Литмир - Электронная Библиотека
A
A

— Теперь вы не будете меня поддразнивать, а? — приставал пьяный Плюхин к Шмендорфу. — Чисто! — делая широкий жест рукой, гордо говорил он.

— Везде теперь утихли, вот и у нас, — не сдавался полковник. — Его превосходительству Столыпину — вот кому надо в ножки поклониться…

— А что нам было делать? Одних выловим — другие приедут. Нет, мы многого добились. Эх, и парень есть у меня, но молчу, молчу…

— Ловок твой тесть, да и ты маху не даешь, — ударяя Сергея по плечу так, что тот ежился, говорил Сидор Карпыч, и нельзя было понять, хвалит он его за ловкость или укоряет в чем.

Когда все «угостились» так, что некоторые и с места подняться не могли, Калерия Владимировна, притворяясь тоже опьяневшей, позвала за груздями. Несколько женщин встали.

— А молодые люди разве нас не проводят? — с вызовом говорила Савина, опираясь на плечо Сергея, сидящего рядом с ее мужем. — Дашенька, позволь похитить твоего мужа.

Сонина, улыбаясь, сказала:

— Сережа! Проводи Калерию Владимировну.

Но когда они пошли, беспокойно поглядела им вслед. «Савина так бесстыдно вешается на шею…»

— Наша златокудрая Венера пошла ва-банк! — шепнул Плюхин полковнику.

Тот взглянул на мелькавшее вдали светлое платье Калерии и пожал плечами.

— Слишком долго не сдается сей прекрасный Иосиф, — бросил он с иронической усмешкой.

— У него жена настоящая Психея!

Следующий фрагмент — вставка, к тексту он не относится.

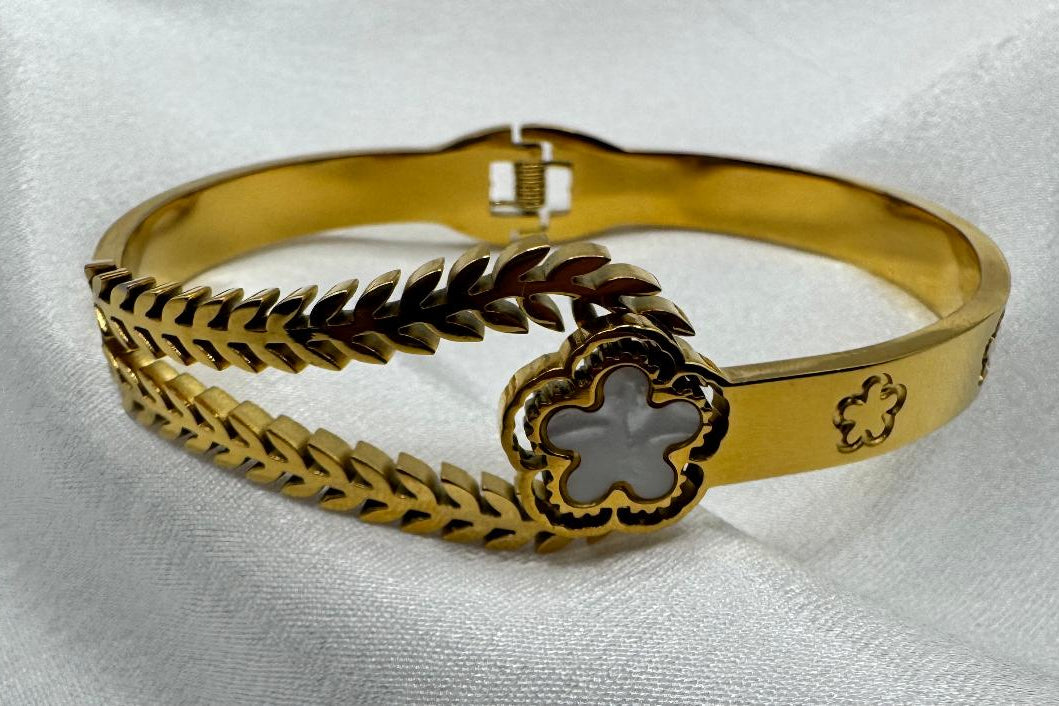 Impactante bangle de acero inoxidable con chapado en oro, incorpora diseño estructurado que aporta fuerza y presencia. Medidas: 6 cm de diámetro y 0.7 cm de ancho, resistente al agua e hipoalergénico. El compañero perfecto para quienes buscan hacer una entrada memorable.

Посмотрите на нее, — ответил Александр Никонович.

Даша, что-то рассказывая подругам, звучно смеялась. Только яркий румянец, выступивший на щеках, говорил о ее волнении. Изредка она бросала взгляды в сторону Сидора Карпыча.

Уверенность в том, что жена, атакуя Сергея, только развлекается, у Савина в последнее время начала исчезать — до него дошли сплетни, — и он зорко наблюдал за ее поведением.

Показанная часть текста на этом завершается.